1

Can a process that was started in a tmux session fall asleep? If yes, what is the cause(s), how to prevent it?

Example reason for the question: I started a process on a server yesterday (training neural networks, it prints the current training epoch to stdout). I had a split window, and in the one with the process running, I had activated scroll mode before detaching from the session.

Today I come back, and it has made no progress at all.

More specifically, the epoch is the same. After quitting scroll mode, it now happily continued.
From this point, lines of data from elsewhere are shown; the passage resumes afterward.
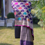 Handwoven by master craftsmen, the interplay of vibrant meenakari and luminous gold zari lends the dupatta depth, richness, and a regal presence. Elegant yet striking, it is a distinguished accent for ceremonial ensembles, festive occasions, and heirloom-worthy wardrobes.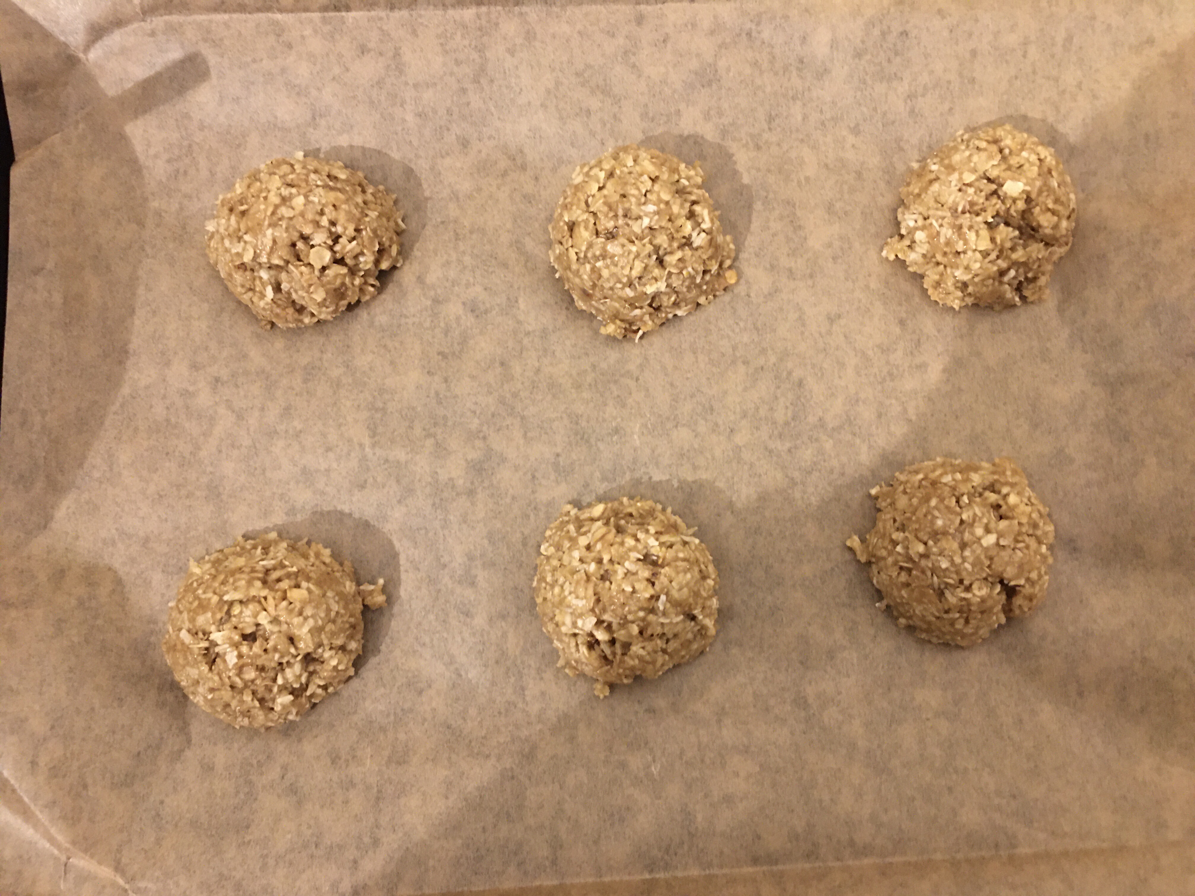 4. Roll spoonful by spoonful of mixture, about the size of a walnut shell and place onto an oven try lined with baking paper. leaving space again between dollops to allow for spreading.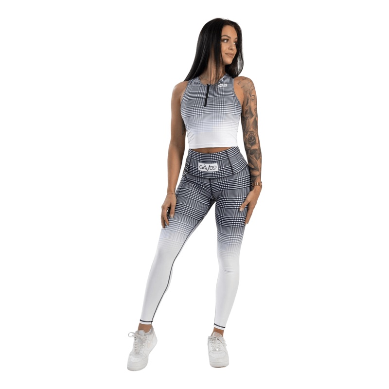 GLNCHCK 5 White tights har ett svart/vitrutigt mnster som bleknar till vitt vid vaderna. Med hg midja och kompressionstyg r de perfekta fr hgintensiv trning eller vardagligt slitage, som kombinerar mode och funktion.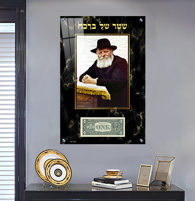 של הרבי. תמונתו של הרבי מליובאוויטש  עם מקום לדולר המקורי של הרבי, היא סגולה לברכה והצלחה לבית ולמשרד, ובעלת ערך רב עבור מי שרוכש אותה. תמונה של הרבי מליובאוויטש – הדפסה על זכוכית מחוסמת 6 מ"מ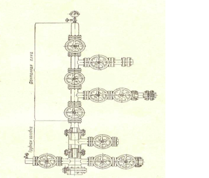 В мире существуют также и другие арматуры фонтанного типа. Арматура тройникового типа (рис. 7), ее отличие от арматуры крестового типа (рис. 6) в том, что на фонтанной елке отсутствуют крестовины, вместо них используются тройники. А также крестовая арматура по высоте меньше тройниковой; это облегчает ее обслуживание.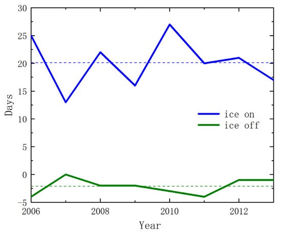 Nam Co is a saline lake, and the water salinity is about 1.5 g/L []. The freezing point temperature is about −0.08 °C with such a salinity (the National Snow and Ice Data Center (NSIDC) (http://nsidc.org/cryosphere/seaice/characteristics/brine_salinity.html, accessed on 20 July 2023)), which is very close to 0 °C. Thus, we still used 0 °C as the ice freezing point in this study.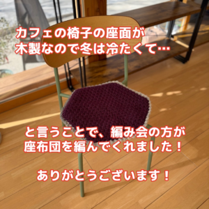 カフェの椅子の座面が木製のため、編み会の方が編んでくれました!これで冬は暖かい🌟やすださん、ありがとうございます!2枚目、3枚目もよろしくお願いいたします!!

The log reads something like

...
Epoch 40: 1h few mins
Epoch 41: 12h few mins
Epoch 42: 12h few more mins
...
Epoch 73: 13h

Meaning, the time it took to get from epoch 0 to 49 was definitely less than two hours; from epoch 40 to 41 it took around 11 hours (!), from epoch 41 to 76 average time per epoch was around 1.7 minutes. The epochs are in a loop, and there shouldn't be a reason why one takes around 400 times longer than the others.


Additional information: This 'sleeping' doesn't happen every time I detach while being in scroll mode. But it already happened before. The scroll mode might not have anything to do with it at all.

The program is a python script, including tensorflow code running on a GPU; the command to run it was :

python train_script.py 2>&1 | tee train_log.txt.

For tmux I use tmux attach to re-attach, the standard key mapping and ctrl-b + d to detach, ctrl-b + up(number block) to start scrolling, q to quit scroll mode.

2 Answers 2

0

Can a process that was started in a tmux session fall asleep?

Basically all tmux doing is attaching own file descriptors in place of STDIN/STDOUT/STDERR to a running process inside of tmux that allows it to work while detached from console.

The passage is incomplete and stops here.